Equivalence of Definitions of Semiring of Sets/Definition 2 implies Definition 1

Theorem

Let $\SS$ be a system of sets satisfying the semiring of sets axioms:

\((1)\)	$:$							\(\ds \O \in \SS \)
\((2)\)	$:$		$\cap$-stable	\(\ds \forall A, B \in \SS:\)				\(\ds A \cap B \in \SS \)
\((3')\)	$:$			\(\ds \forall A, B \in \SS:\)				$\exists n \in \N$ and pairwise disjoint sets $A_1, A_2, A_3, \ldots, A_n \in \SS : \ds A \setminus B = \bigcup_{k \mathop = 1}^n A_k$

Then $\SS$ satisfies the semiring of sets axioms:

\((1)\)	$:$							\(\ds \O \in \SS \)
\((2)\)	$:$		$\cap$-stable	\(\ds \forall A, B \in \SS:\)				\(\ds A \cap B \in \SS \)
\((3)\)	$:$			\(\ds \forall A, A_1 \in \SS : A_1 \subseteq A:\)				$\exists n \in \N$ and pairwise disjoint sets $A_2, A_3, \ldots, A_n \in \SS : \ds A = \bigcup_{k \mathop = 1}^n A_k$

Proof

Let $\SS$ be a system of sets satisfying the axioms:

\((1)\)	$:$							\(\ds \O \in \SS \)
\((2)\)	$:$		$\cap$-stable	\(\ds \forall A, B \in \SS:\)				\(\ds A \cap B \in \SS \)
\((3')\)	$:$			\(\ds \forall A, B \in \SS:\)				$\exists n \in \N$ and pairwise disjoint sets $A_1, A_2, A_3, \ldots, A_n \in \SS : \ds A \setminus B = \bigcup_{k \mathop = 1}^n A_k$

It remains to be shown that $\SS$ satisfies the axiom

\((3)\)

$:$

\(\ds \forall A, A_1 \in \SS : A_1 \subseteq A:\)

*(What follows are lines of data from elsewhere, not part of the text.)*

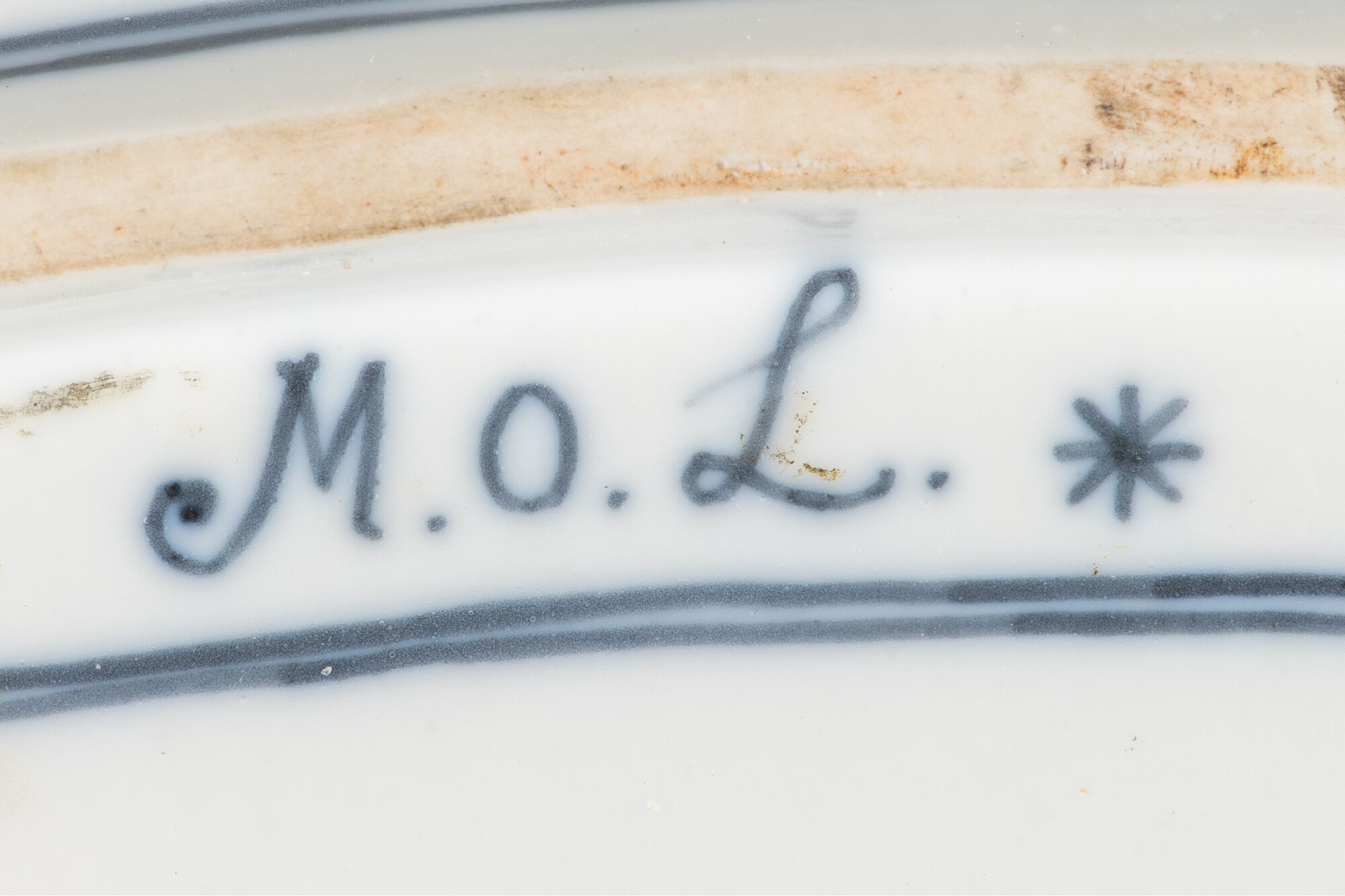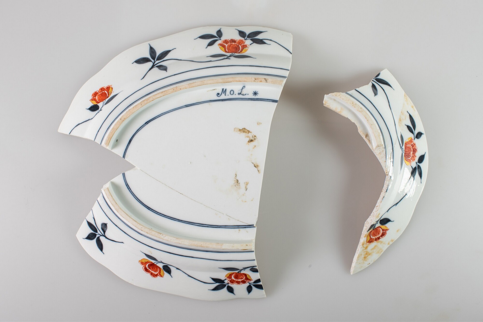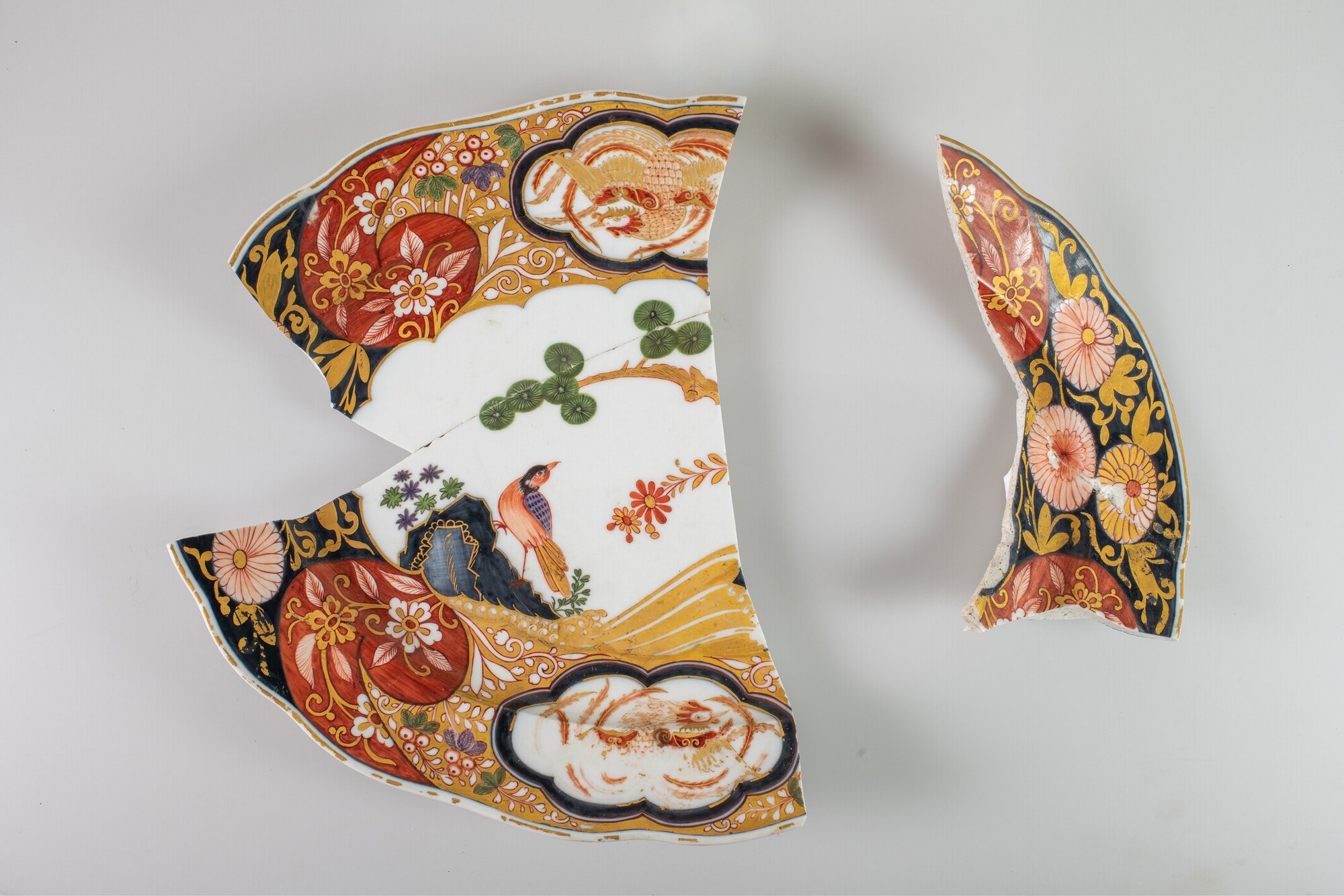 Schaal; ep-sch-1; ovale schaal met platte vlag, standring; Europees porselein; veldspaatglazuur; accoladerand; onderglazuur blauwe beschildering met overglazuur beschildering in rood, goud, groen en paars: inwendig, spiegel: vogel op rots in tuin met boom en struik, vlag: twee cartouches met haan omgeven door roccailes met florale motieven, gouden rand; uitwendig: bladertakken met pioenrozen langs rand, drie ...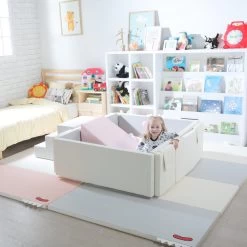 Designskin bumper mat can transform to various usages with combinations of 4 functions of a bumper mat, bed, playard and playmat from 0 to 7 years old. The one size bumper mat is suitable for any home or commercial playground.Â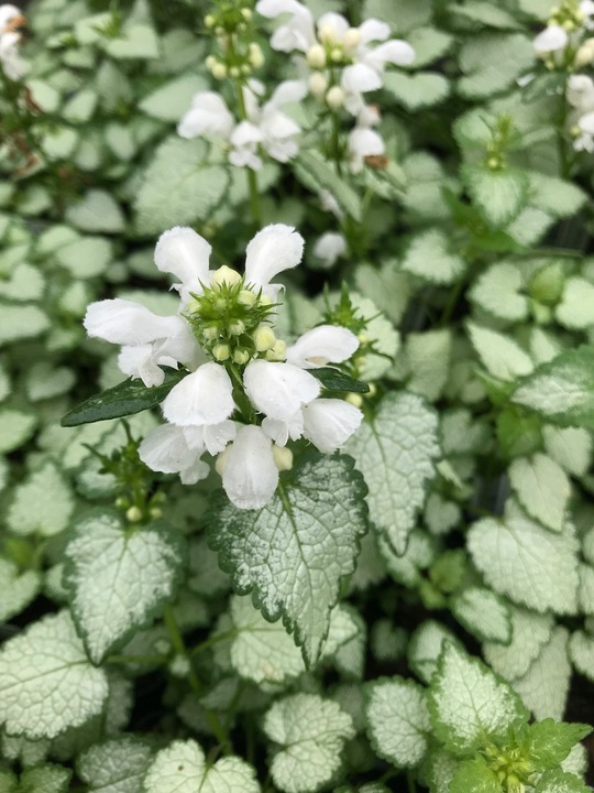 Lamium (dovenetel) - rechts op de foto, grijs blad met groen randje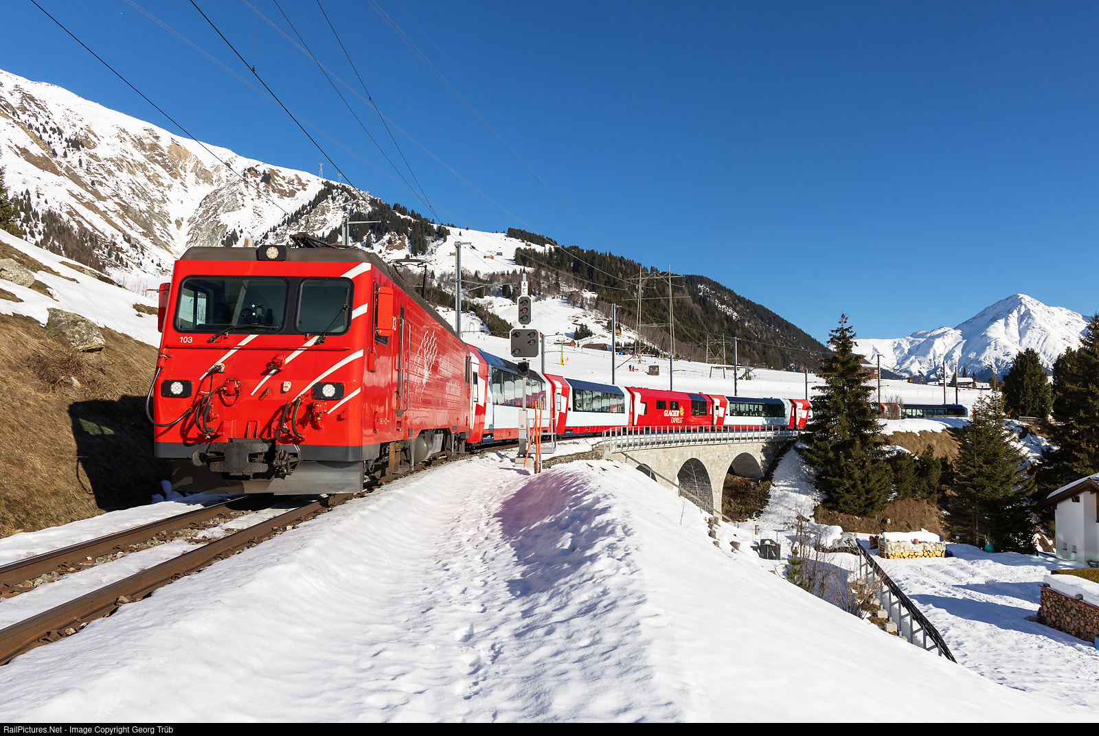 | Cogwheel locomotive HGe 4/4 II # 103 of the Matterhorn-Gotthard-Bahn pulls the PE 925 GLACIER EXPRESS St.Moritz-Zermatt over the Strem bridge, between Sedrun and Rueras. |

$\exists n \in \N$ and pairwise disjoint sets $A_2, A_3, \ldots, A_n \in \SS : \ds A = \bigcup_{k \mathop = 1}^n A_k$

Let $A, B \in \SS : B \subseteq A$.

By axiom $(3)$:

$\exists$ a finite sequence of pairwise disjoint sets $A_1, A_2, \ldots, A_n \in \SS : \ds A \setminus B = \bigcup_{k \mathop = 1}^n A_k$.

Then $B$ is disjoint with each of the sets $A_k$.

Then:

\(\ds B \cup \bigcup_{k \mathop = 1}^n A_k\)

\(=\)

\(\ds \paren {A \setminus B} \cup B\)

\(\ds \)

\(=\)

\(\ds A \cup B\)

Set Difference Union Second Set is Union

\(\ds \)

\(=\)

\(\ds A\)

Union with Superset is Superset

As $A$ and $B$ were arbitrary, then $\SS$ satisfies axiom $(3)$

The result follows

$\blacksquare$